Religious channels first hit the small screen in 1998, when Saudi billionaire Saleh Kamel launched “Iqraa” as part of the ART satellite television network. Saudi businessman Prince Walid bin Talal then launched “Al-Resala” in 2006 as part of the Rotana satellite network, followed by Mansour bin Kadsa the same year who launched “Al-Nas,” which started as an entertainment channel but was later converted into a religious channel.
Apparently the resounding success of “Al-Nas” as a religious channel persuaded Kadsa to convert another entertainment channel he owns, “Khaleegyah,” into a religious one as well.
Hours after suspending the channels’ broadcast transmissions, many of the channels’ supporters launched campaigns on Facebook.
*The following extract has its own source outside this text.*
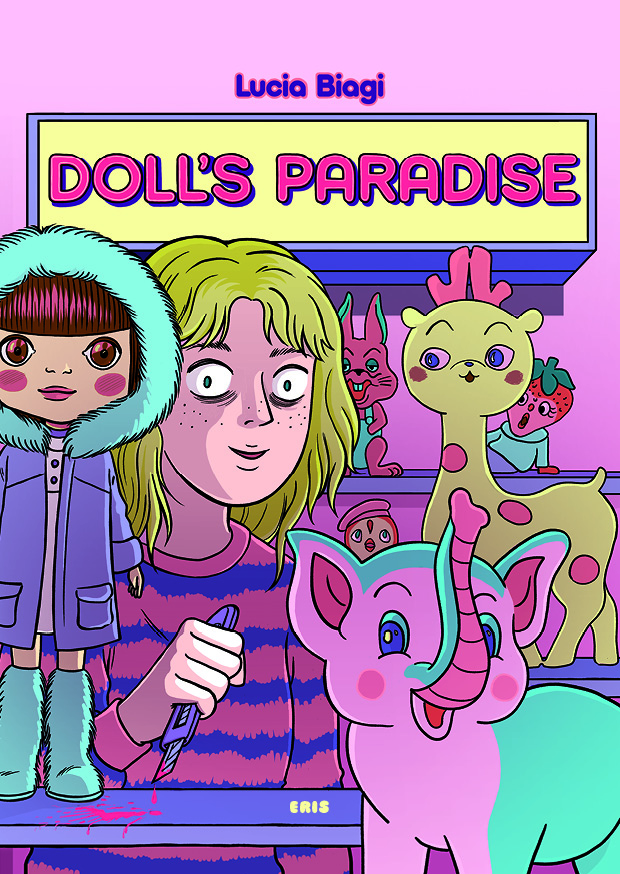“Doll’s Paradise”, la nuova opera di Lucia Biagi per Eris Edizioni, è un fumetto che esplora proprio questi limiti, che ci accompagna oltre i confini tracciati dalla nostra psiche. E lo fa con un tono che abbraccia cinismo e paradosso, cruda dolcezza e violenza iperbolica. Il tratto di Lucia è volutamente cartoonistico, lontano da una ricerca del reale nelle immagini. E proprio per questo il sangue e i deliri, le ingiustizie e le vendette sembrano ancora più crude, perché rompono l’involucro perfetto e ovattato di una scatola confezionata con cura.

A group called “Against Closing the Four Religious Channels” attracted 14,000 members within a few weeks.
“There must be a parallel Islamic satellite [to counter] … indecent [non-religious] channels that deface youth,” Hoda Barakat, a 27-year-old member of the Facebook group, told Daily News Egypt.
The Egyptian Journalists’ Union accused the government of plotting a “conspiracy” against the media after a series of crackdowns on two popular talk shows and Al-Dostor’s former chief editor Ibrahim Eissa, which were countered by the launch of a new channel by steel mogul Ahmed Ezz.
Information Minister El-Fiqqi also ordered the reissuing of new licenses for private TV satellite uplinks. Once the order is implemented, many might view the action as a governmental attempt to have heavier oversight over private TV coverage.
The Arabic Network for Human Rights Information (ANHRI) expressed concern over the crackdown on satellite channels that “came during a sensitive time for Egypt, with parliamentary elections slated for November.”
Gamal Eid, head of the ANHRI, believes that the recent crackdown, live broadcasting permit requirements, the suspension of two talk shows — including Amr Adib’s “Al-Qahera Al-Youm” — and the crisis at Al-Dostor are all steps putting press freedom at a standstill.